__What is expected__: A faithful transcription is wanted of the lines from the top of the material through the line that holds "Las imágenes de", both ends included, leaving out the pictures.

※ ※ ※

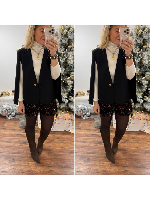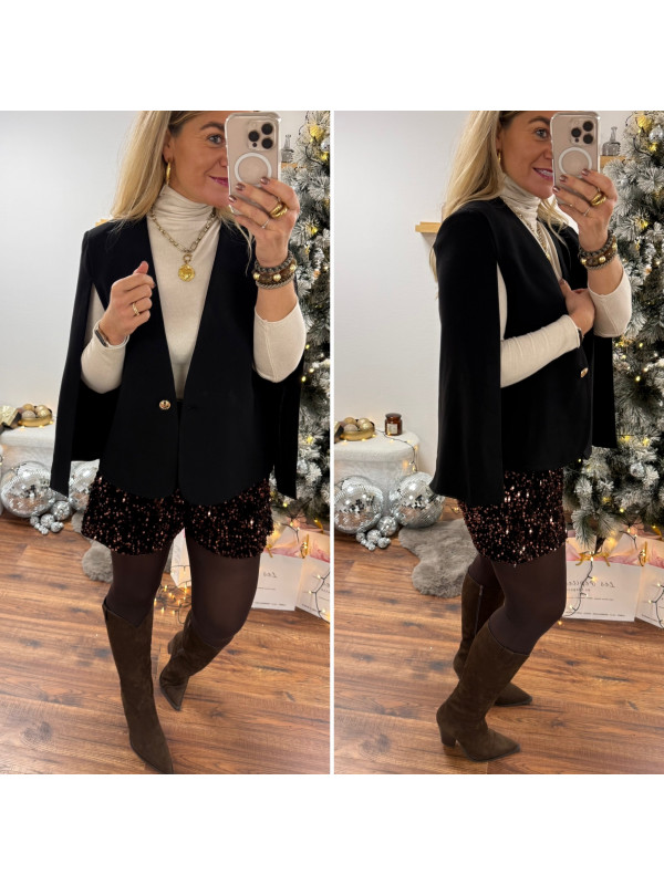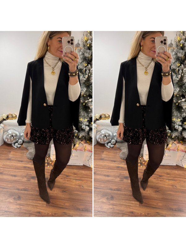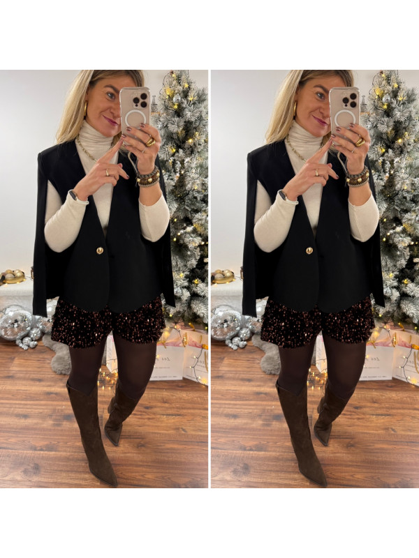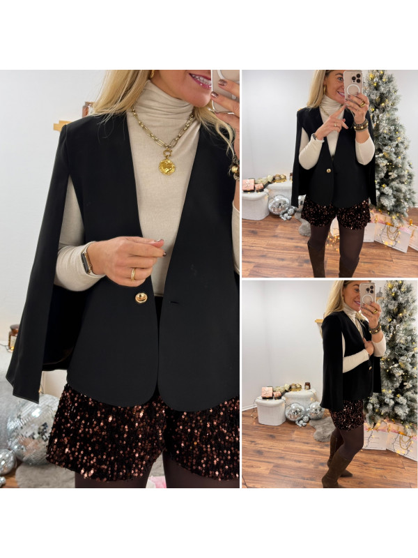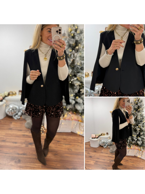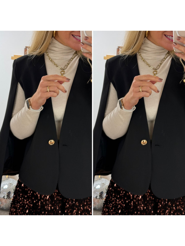 Blazer cape noir avec bouton doré
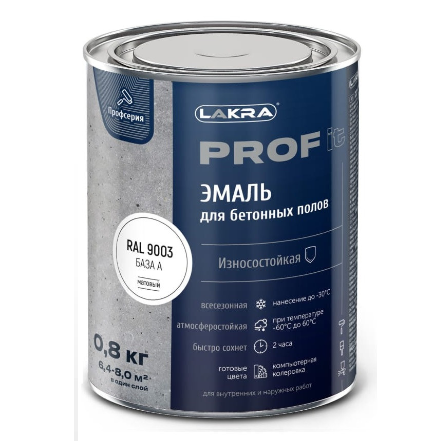 Купить Эмаль для бетонных полов быстросохнущая Лакра Prof it База А RAL 9003 0,8 кг по лучшей цене с доставкой - интернет магазин №1 в России
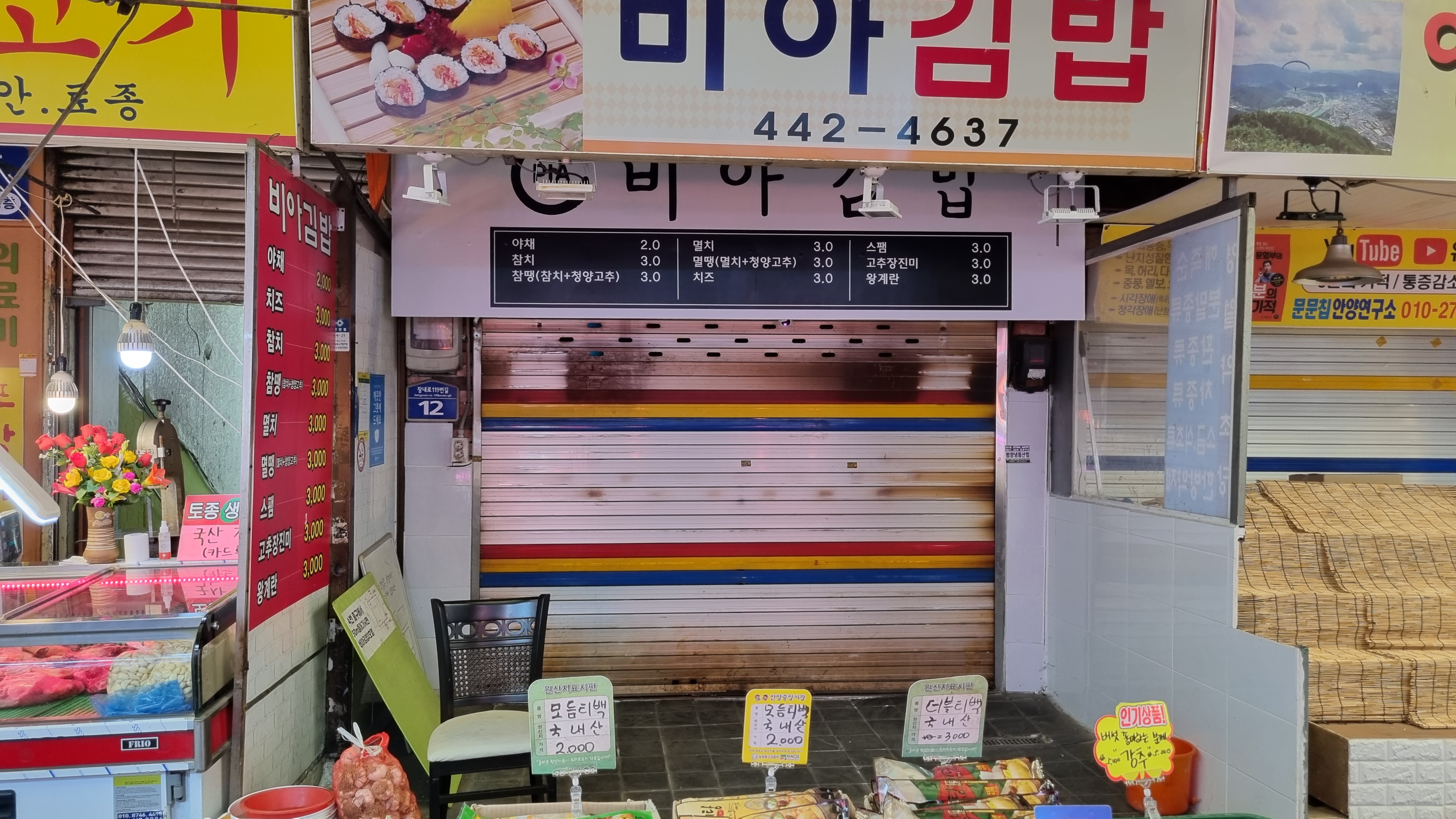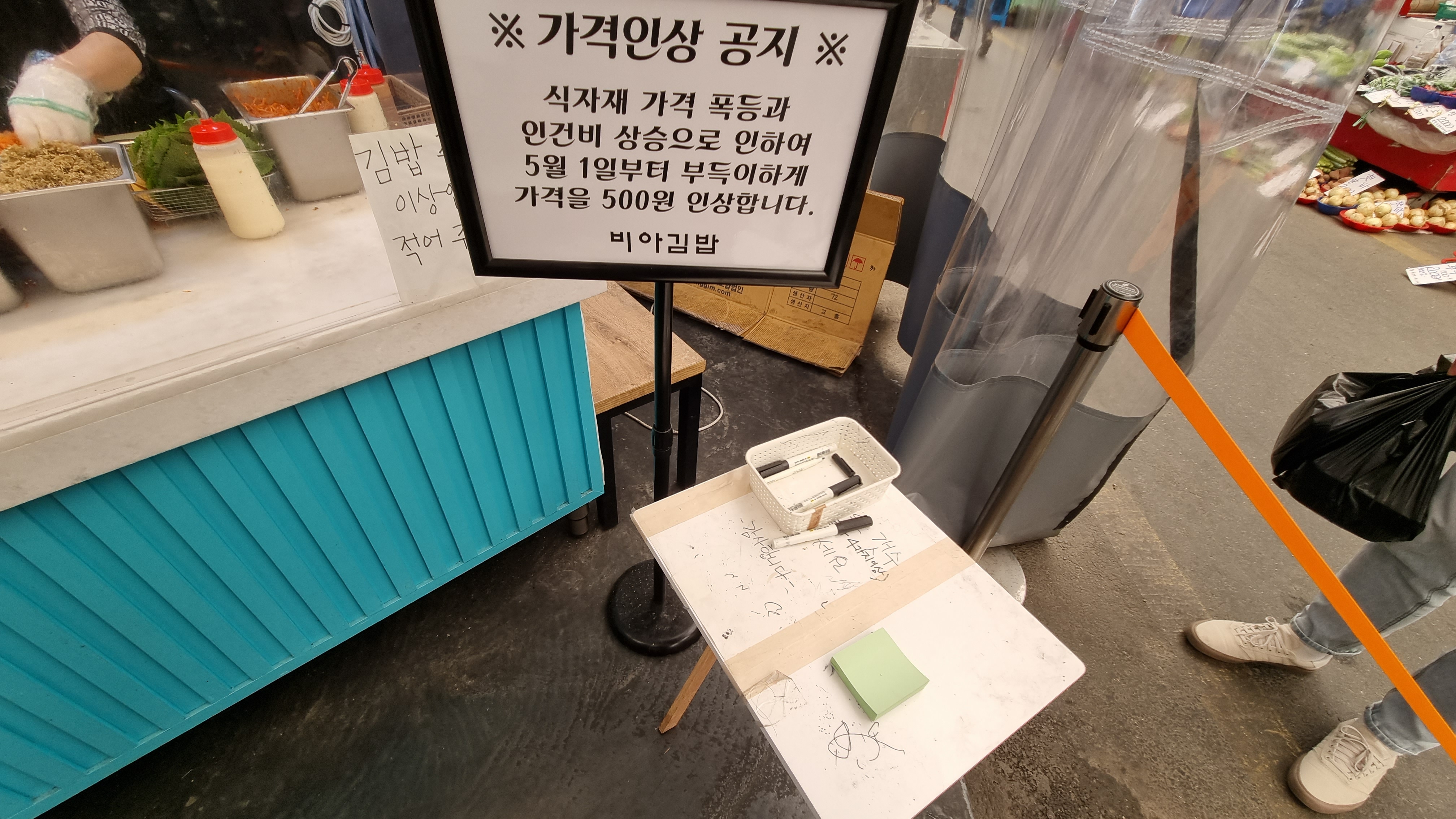 안양 중앙시장에 비아 김밥은 2개가 있다. 처음에 찾았던 곳은 문을 닫았다. 주말엔 모두 오픈 하지만 평일엔 한 곳만 문을 여는 듯했다. 요즘 물가가 다 오르고 있다. 비아 김밥도 어쩔 수 없이 가격을 인상했다.
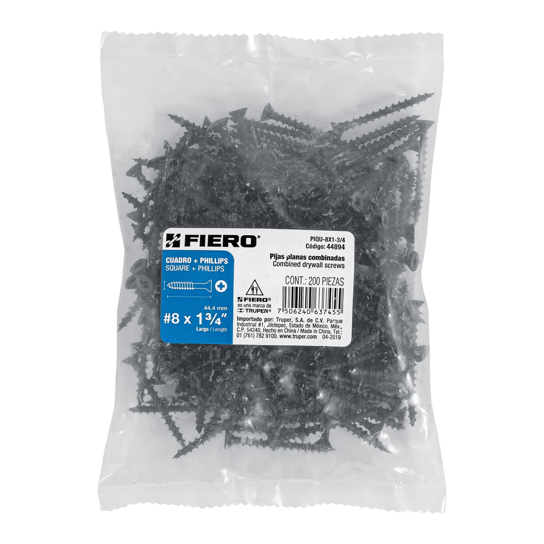Las imágenes de los productos son ilustrativas y pueden diferir del producto real. Por favor, lea detenidamente las especificaciones, advertencias e instrucciones antes de utilizar cualquier producto. La garantía aplica únicamente ante fallas derivadas de defectos de fabricación. Quedan excluidos de cobertura los daños provocados por uso indebido, abuso o manejo inadecuado. Codigo 44894 Clave PIQU-8X1-3/4
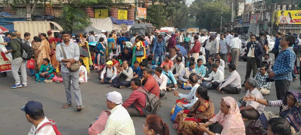 বেতন বৃদ্ধি ও স্থায়ী নিয়োগের দাবিতে সারাদেশের পার্শ্ব শিক্ষকদের বিক্ষোভে উত্তাল ধর্মতলা
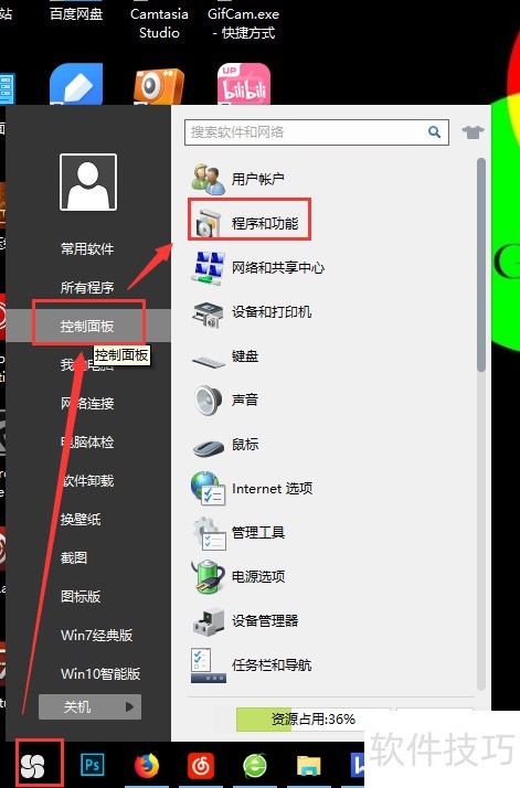 2、 点击电脑左下角的Windows图标,打开后找到并进入控制面板,在其中选择程序与功能进行操作。
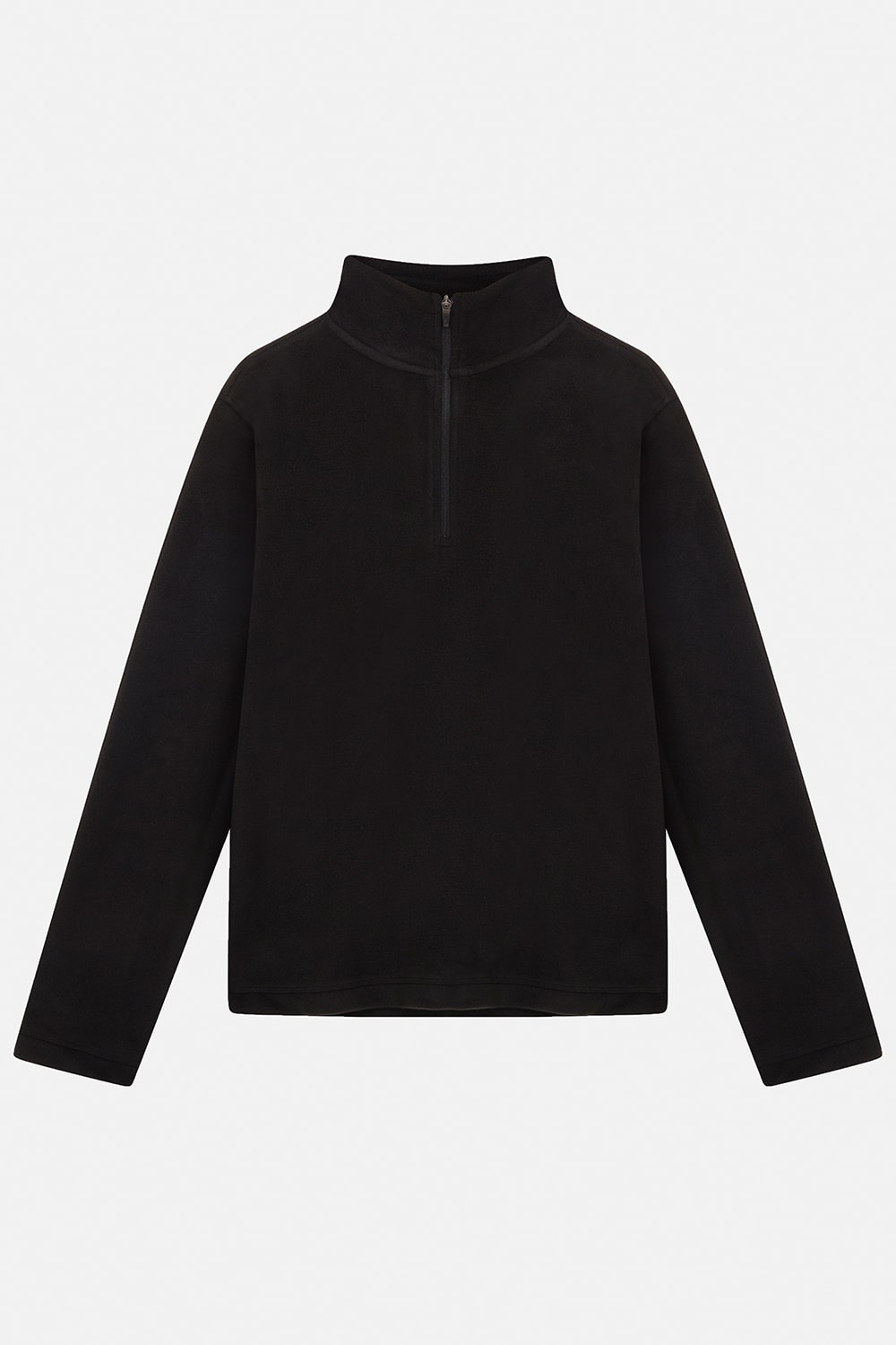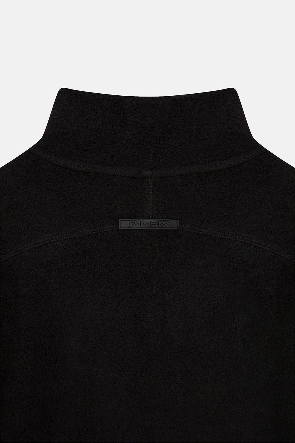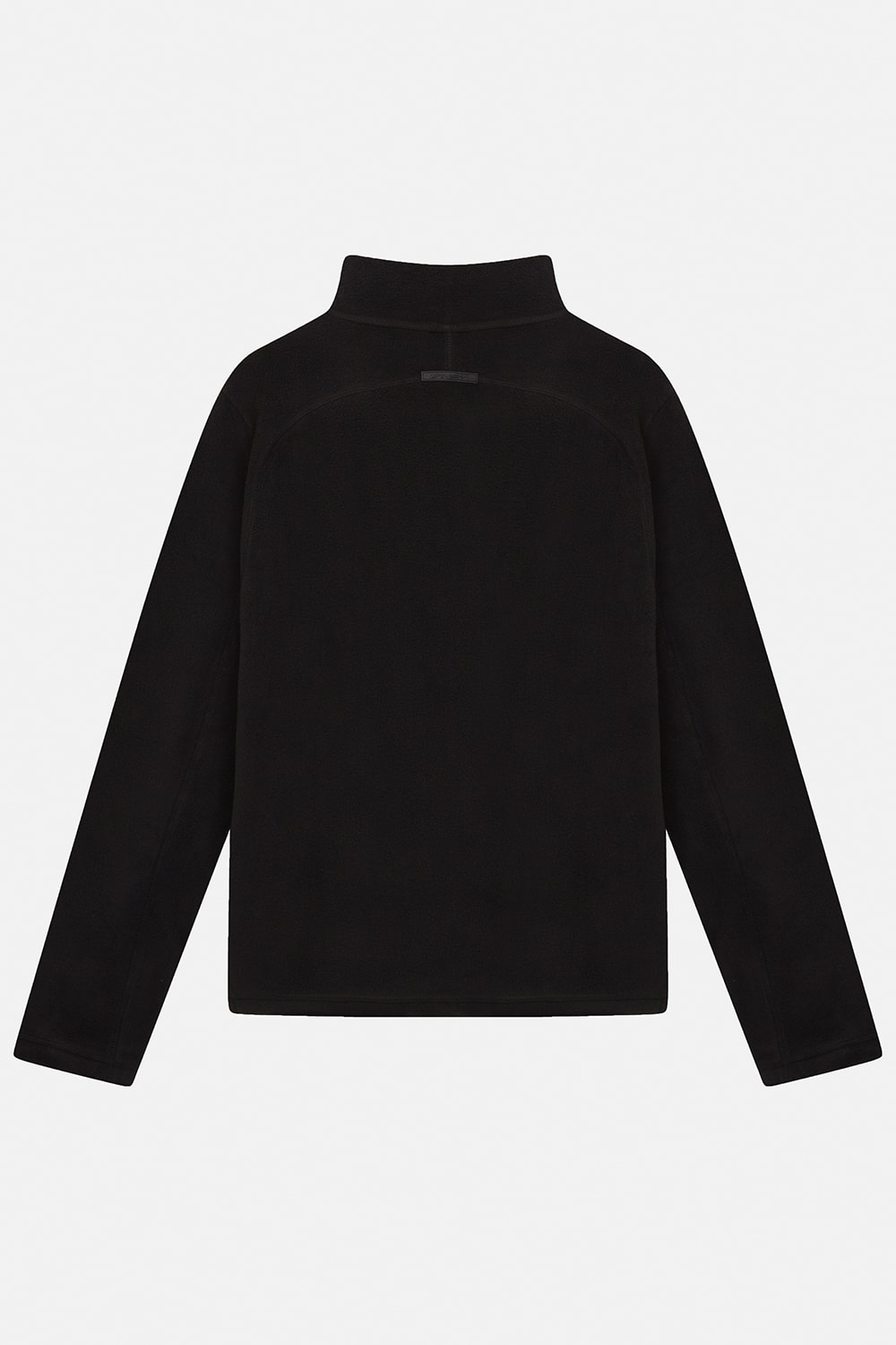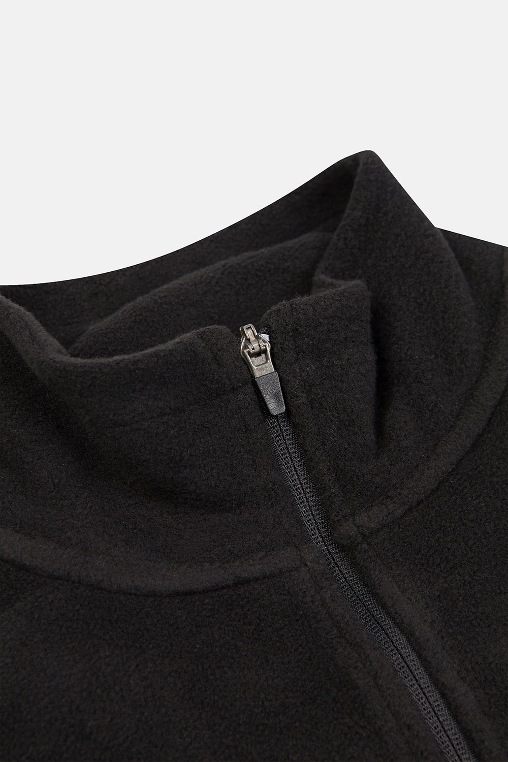 Karyoka dikiş detaylı, siyah polar kumaştan 3/4 fermuarlı vücut ısıtıcısı.

※ ※ ※

__Task output__:
 Blazer cape noir avec bouton doré
 Купить Эмаль для бетонных полов быстросохнущая Лакра Prof it База А RAL 9003 0,8 кг по лучшей цене с доставкой - интернет магазин №1 в России
 안양 중앙시장에 비아 김밥은 2개가 있다. 처음에 찾았던 곳은 문을 닫았다. 주말엔 모두 오픈 하지만 평일엔 한 곳만 문을 여는 듯했다. 요즘 물가가 다 오르고 있다. 비아 김밥도 어쩔 수 없이 가격을 인상했다.
Las imágenes de los productos son ilustrativas y pueden diferir del producto real. Por favor, lea detenidamente las especificaciones, advertencias e instrucciones antes de utilizar cualquier producto. La garantía aplica únicamente ante fallas derivadas de defectos de fabricación. Quedan excluidos de cobertura los daños provocados por uso indebido, abuso o manejo inadecuado. Codigo 44894 Clave PIQU-8X1-3/4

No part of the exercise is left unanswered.